Veil NGC 6992-5 with 101mm Borg apo refractor at f/4.1 and Canon 20Da camera at ISO800 for stack of 3 x 6 minute exposures. Taken with HEQ5 mount and auotguided with ST402.
The well-known North America Nebula (NGC 7000), with the smaller Pelican Nebula (IC 5067) to the right, in Cygnus, taken in the deep red light of hydrogen and rendered here in monochrome. This shows the rich detail and structure in the nebulas. This is a stack of 16 x 16-minute exposures with the Canon EOS Ra, on the SharpStar 94mm EDPH refractor with its f/4.5 flattener/reducer lens. The camera had a 12nm Astronomik clip-in H-a filter installed. The images were shot over two nights and with the Moon up for most exposures.
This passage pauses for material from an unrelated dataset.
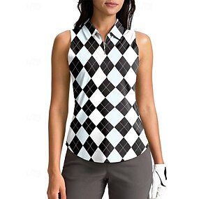 Per donna Geometrico Maglietta sportiva Polo da golf Maglia da tennis Senza Maniche Cerniera Floreale UPF50+ Resistente ai Raggi UV Alta elasticità Traspirante Tennis Golf Pickleball Collo ripiegato
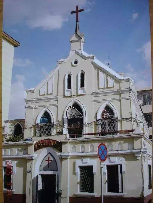 这是一座带有北欧风格的哥特式砖木结构的教堂。1914年由德国人倡议、中东铁路局和民间捐助建成。建筑师弗奥罗布设计、当时仅供德国侨民和各国领事馆的教徒使用。教堂规模小巧合理、解放后,辟为基督教堂,沿用至今。

Autoguided with the Lacerta MGEN3 stand-alone guider. In processsing I used Lumenzia 10 to create luminosity masks on Curves layers to bring out the nebulosity. An application of the Star XTerminator plug-in for Photoshop created a starless layer that was blended back in selectively to eliminate or suppress stars to help accentuate the nebulosity and structure, but without a fully starless image which often shows pockmarked artifacts where the stars were. A high pass filter further snapped up the dark lanes and streaks. A colour grade adds the slight blue tint for artistic effect. All stacking, alignment and blending with Photoshop 2022.
North American Nebula (NGC 7000) and environs in Cygnus. Pentax 6x7 camera on Vixen 108DD doublet ED astrographic scope, at f/5, 540mm focal length. Ektachrome E200 slide film with 50 minute exposure, taken July 28, 2003. Autoguided on AP600 mount. Object near zenith under good but not super clear skies. Scanned on Nikon 8000ED scanner with 8x sampling and Super Fine mode. Image is a single exposure not a stack of multiple exposures. Slight gaussian blur (2.5 pixels) applied to Red channel to smooth background of nebulosity without blurring stars. Also, Blue channel scaled up 100.2% and Red channel scaled down 99.9% to largely eliminate lateral color which spread stars out at corners. It worked very well -- only slight coma remains in Blue and hardly visible in RGB full color.